Serbian monk ang guerrilla fighter (1879–1912)

Jovan Grković (Јован Грковић; 1879 – 9 October 1912), nicknamed Gapon (Гапон) was a former Serbian Orthodox monk who joined the Serb guerrilla (chetniks) in the Macedonian Struggle (1902–1912).

==Life==
Grković was born in Orahovac, in the vicinity of Prizren, at the time part of the Kosovo Vilayet of the Ottoman Empire.

He finished grammar and theological school in Prizren, then became a monk, serving as deacon under the Serbian Orthodox Metropolitan (vladika) of Žiča. He went to the Serbian Orthodox monastery of Hilandar on Mount Athos, where he took the monastic name Jeremija (Јеремија). He stayed at Athos at the same time as Vasilije Trbić, but as conflict arose with the Greek and Bulgarian monks, they left for Serbia together, sometime in 1902. They subsequently joined the cause of the Serbian guerrilla fighters ("chetniks") against the Ottomans. Unusually combative and revolutionary for being a former monk, he was nicknamed "Gapon" after Russian Orthodox monk and working-class leader Georgy Gapon, by his fellow guerrilla fighters.
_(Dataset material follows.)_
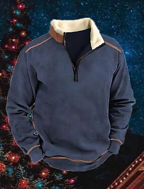 男性用 スウェットシャツ クォータージッパースウェットシャツ ネイビーブルー スタンドカラー 平織り パッチワーク カラーブロック スポーツ 日常 祝日 コーデュロイ ストリートファッション ベーシック カジュアル 春 & 秋 衣類 パーカー トレーナー
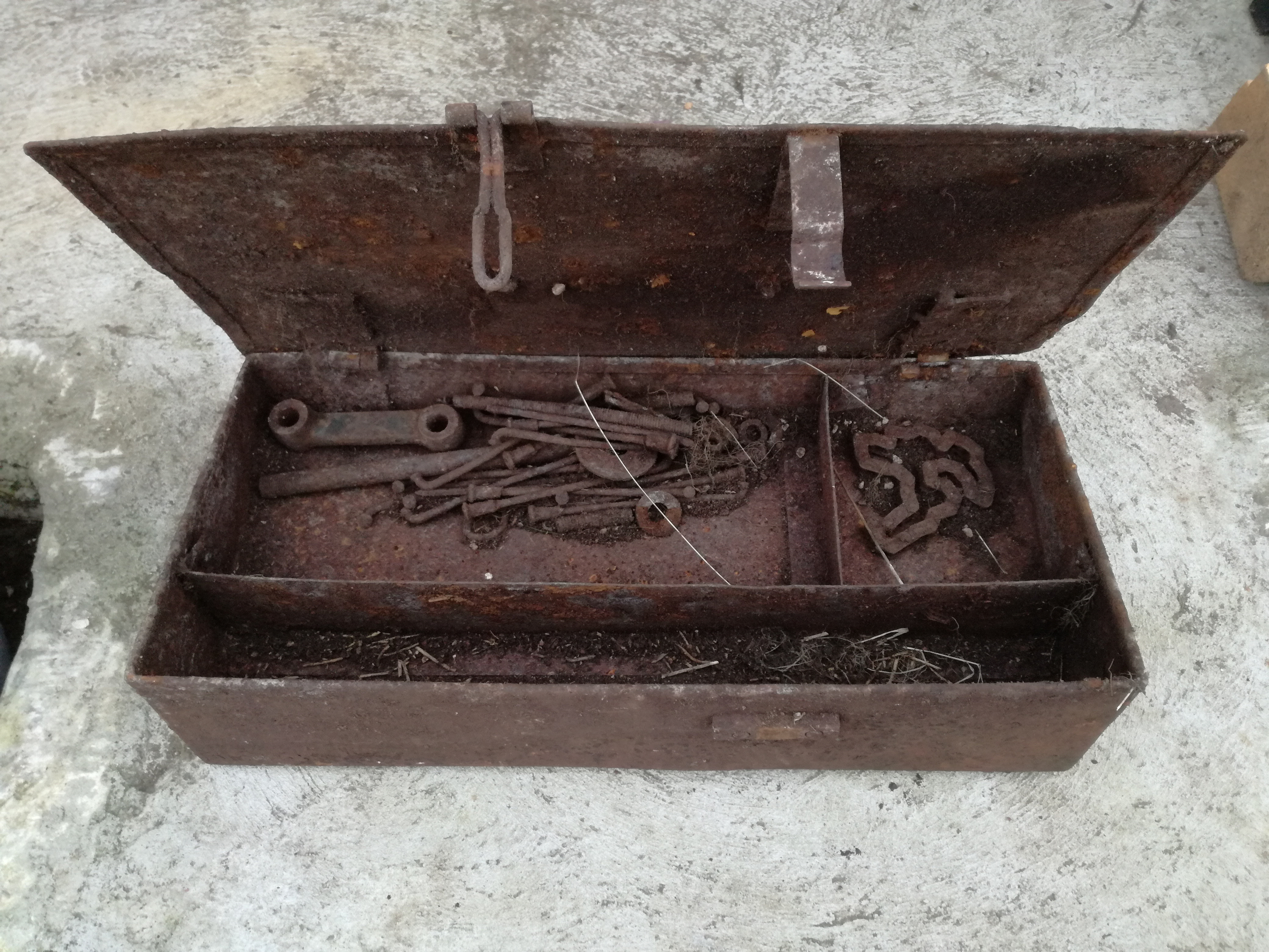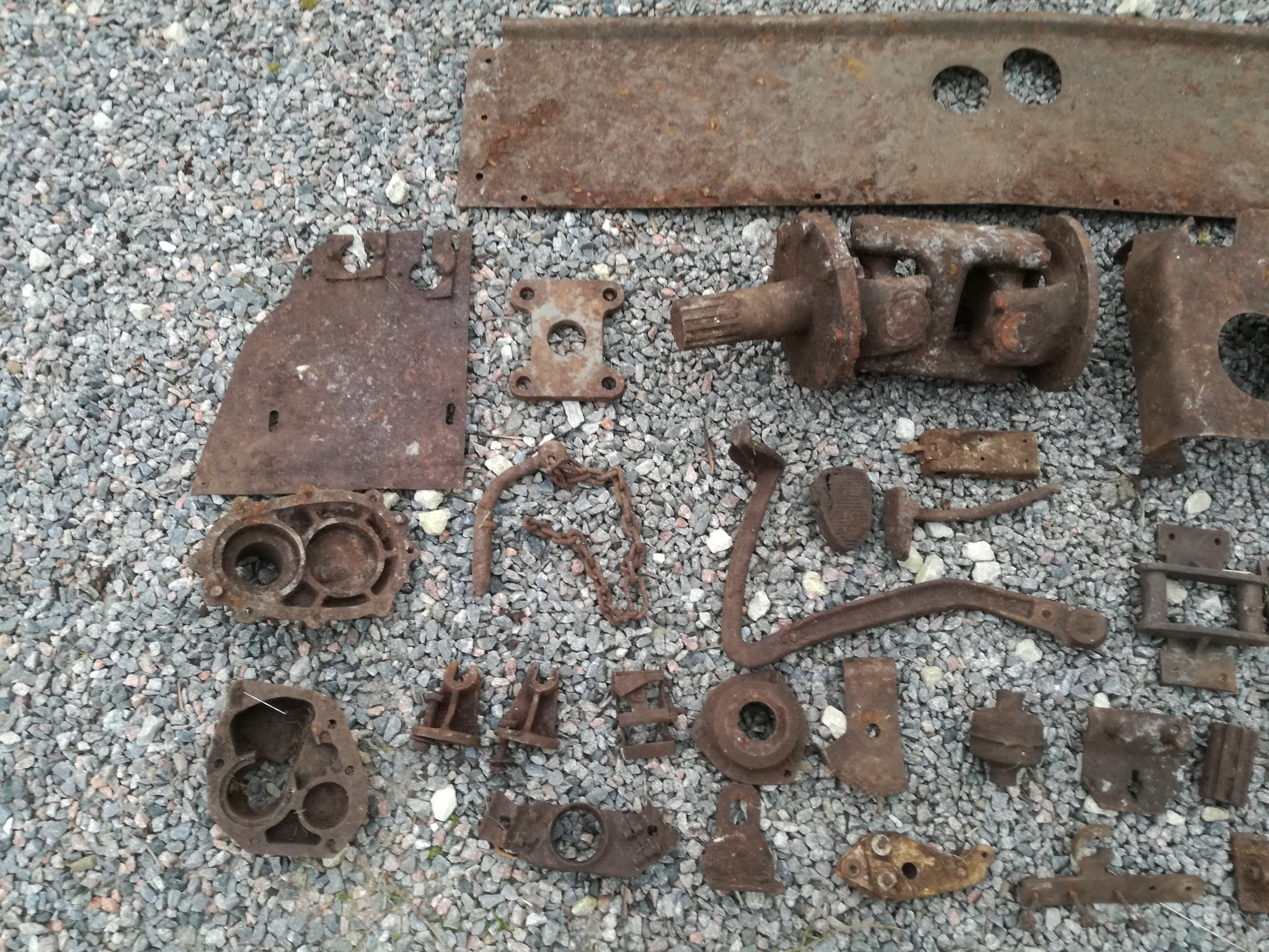 Kast ise kindlasti tsikli varustusse pole kuulunud. Aga 2 avaga jupstükk tundub olema küll olema rööpkulik-vedrustusega tsikli esihargi detail, vb NSU, aga sellised olid paljudel markidel, kett võiks olla tsikli generaatori käitamiseks, jällegi NSU OSL mudelitel oli sarnane, pikk pulk on vb esihargi detail jällegi, pildilt ei saa aru.

When the Serbian Chetnik Assembly were to appoint the voivode of Skoplje, Gapon suggested giving it to young veteran fighter Kosta Pećanac — all members agreed, and in a great meeting at Christmas 1904, Pećanac received the title at only 25 years old. Gapon fought in the units of Doksim Mihailović and then Kosta Pećanac, being an active Chetnik until his death. In 1907 or 1908, while Gapon was fighting in the Veles kaza, he sang the song "The Serb Trumpet Plays For Me" (Srpska mi truba zatrubi) at Drenovo, and also sang it during the Macedonian celebration in Belgrade (1909), from where it became popular across the country. He died on 9 October 1912, the same day the First Balkan War began, while fighting around Kumanovo, at Staro Nagoričane.